What the task asks —
The line with "The Tholtan of" marks the first line to copy, and the line with "大家好,今天小六子来为大家解" marks the last. Transcribe that stretch of the data below exactly, without pictures.

Data below —
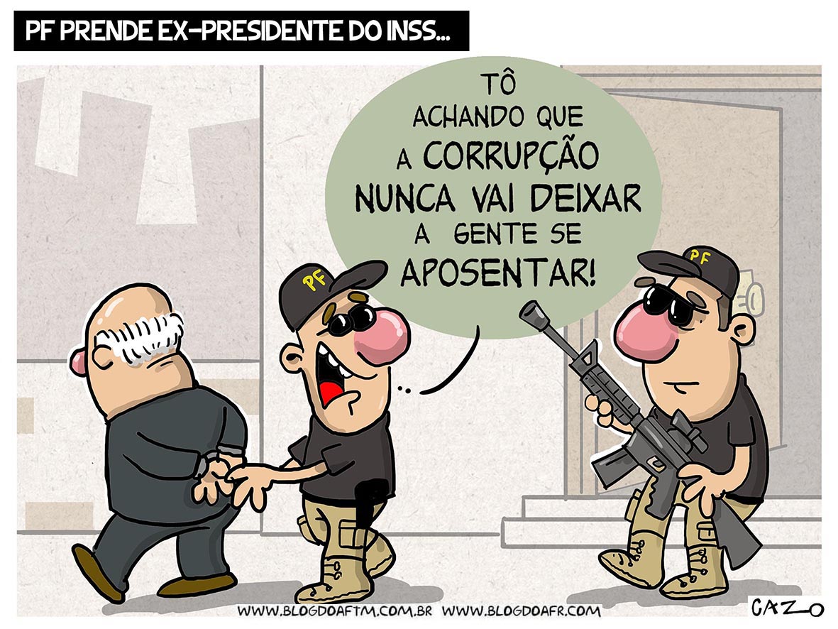 Charges PF prende ex-presidente do INSS por Grupo Editores Blog. 15 de novembro de 2025 por Grupo Editores Blog. 15 de novembro de 2025 11 Share on Facebook Share Share on TwitterTweet Share on Pinterest Share Share on LinkedIn Share Send email Mail Print Print Share on Facebook Share Share on TwitterTweet Share on Pinterest Share Share on LinkedIn Share Send email Mail Print Print 0 FacebookTwitterEmail Grupo Editores Blog. postagem anterior Transparência e LAI: limites reais na abertura de dados fiscais próxima postagem #Charge: PL ANTIFACÇÃO Você também pode se interessar por: #Charge: COP30 busca criar fundo para ajudar as... 15 de novembro de 2025 #Charge: Crime organizado na Amazônia 15 de novembro de 2025 #Charge: PL ANTIFACÇÃO 15 de novembro de 2025 #Charge: Enquanto isso no CPI do crime organizado 9 de novembro de 2025 #Charge: Jurados 8 de novembro de 2025 #Charge: Saúde Masculina 8 de novembro de 2025 #Charge: Morre Lô Borges. 7 de novembro de 2025 #Charge: Enquanto isso na COP30 7 de novembro de 2025 #Charge: EUA bombardeiam barco 2 de novembro de 2025 #Charge: STF e cargos públicos 2 de novembro de 2025 Deixar um Comentário Cancelar RespostaComents Salve meu nome, email e site neste navegador para a próxima vez que eu comentar.
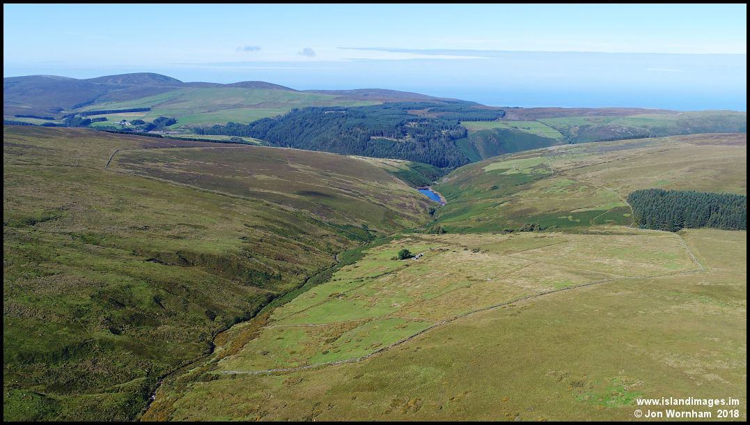 The Tholtan of Block Eary farm with home field patterns still visible. Block Eary reservoir and Sulby Glen behind.
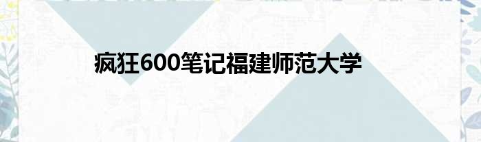 大家好,今天小六子来为大家解答以下的问题,关于疯狂600笔记福建师范大学这个很多人还不知道,现在让我们一起来看看吧!
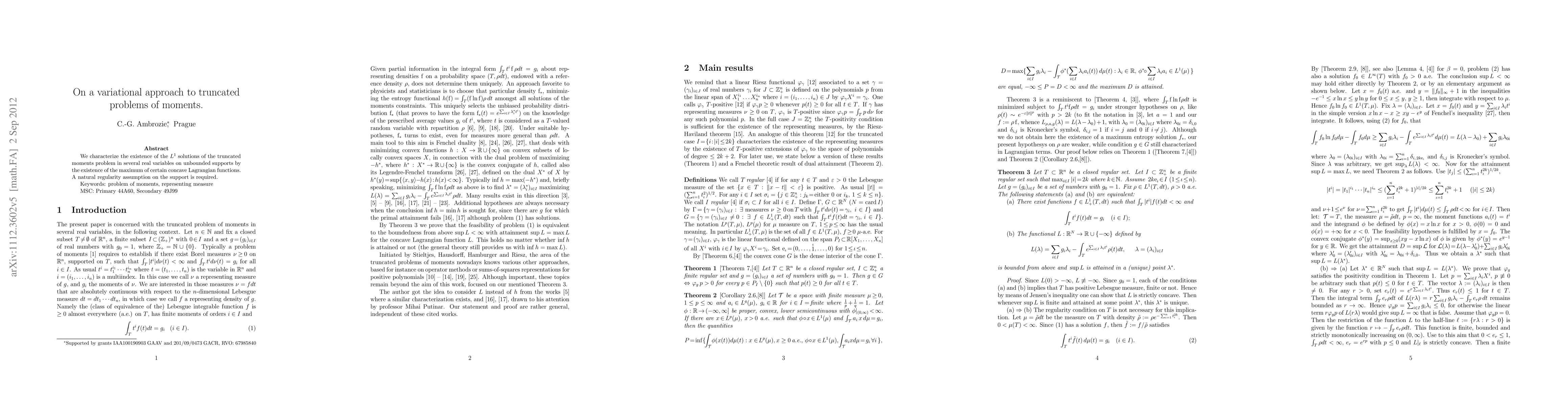 The paper presents a variational approach to solve truncated moment problems in multiple real variables over unbounded domains. It establishes the existence of L^1 solutions by linking it to the maximization of specific concave Lagrangian functions, subject to a natural regularity assumption on the support.

Exercise response —
 The Tholtan of Block Eary farm with home field patterns still visible. Block Eary reservoir and Sulby Glen behind.
 大家好,今天小六子来为大家解答以下的问题,关于疯狂600笔记福建师范大学这个很多人还不知道,现在让我们一起来看看吧!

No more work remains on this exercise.